An ASBI for the most serious anti-social behaviour should be applied for as a matter of urgency; the Court will question any delay and will be less likely to give you the order you are seeking.  We have, for example, been instructed to apply for an injunction against a knife-wielding tenant six months after the incident occurred and it wasn’t well received by the Court.

But just as you were getting comfortable with the ASBI, the new Anti-Social Behaviour; Crime and Policing Act 2014 comes into force.  Although the implementation of the Act has been slightly delayed (originally set for October 2014), this new Act allows Registered Providers and Local Authorities to get injunctions against those as young as 10 (just like the now extinct ASBO) and, for the first time, you will be able to include mandatory requirements in the injunction – for example, attendance at an alcohol-awareness course or removal of rubbish.  Courts can take into consideration behaviour six months prior to the commencement of this part of the Act, so it’s worth bearing your new powers in mind now. 

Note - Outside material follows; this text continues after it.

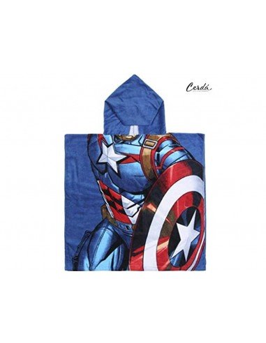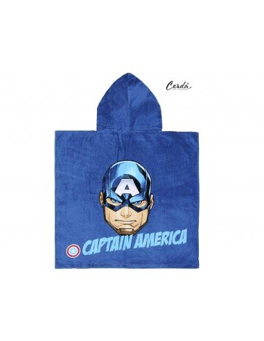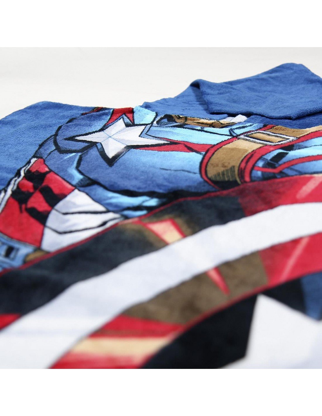 Poncho de Playa con capucha de Avengers, de fondo azul marino y estampado con dibujo del Capitán América en la parte delantera y en la espalda. Tacto de algodón suave que garantiza un secado rápido y sin pasar frío.

Coming a close second in popularity to the ASBI, has to be the application for a gas safety injunction.  Landlords are statutorily obliged to carry out gas servicing checks annually and it’s overwhelming how many tenants think it’s their “right” to not allow contractors in.  It’s not surprising given what some tenants might be hiding – anything from cannabis factories to sub-tenants and stolen goods!  

Getting a gas safety injunction is usually very straightforward and given the potential health and safety consequences of a faulty gas appliance, the Court should award you your injunction without much of a fuss.  With new case law, we can also ensure that the gas safety injunction remains in place for the duration of the tenancy agreement, saving landlords the annual costs of getting an injunction against repeat offenders.  Just make sure that you turn up when you have agreed to... if you don’t attend you can face a hefty wasted costs order against you and the prospect of re-applying for the injunction, which now carries a revised court fee of £280. 

There are, of course, other injunctions available to landlords; for gaining access to the property to carry out inspections or repairs, and for preventing a breach of tenancy.  Both of these are really useful to ensure that the property is being well looked after and the tenant is complying with all the terms of their tenancy agreement, should possession proceedings not be required or wanted at that stage. 

Landlords need to keep a good record of any attempts they have made to arrange access with the tenant or leaseholder.  Simply sending one letter to arrange access will not suffice, so make sure several attempts have been made to improve your chances of getting that injunction.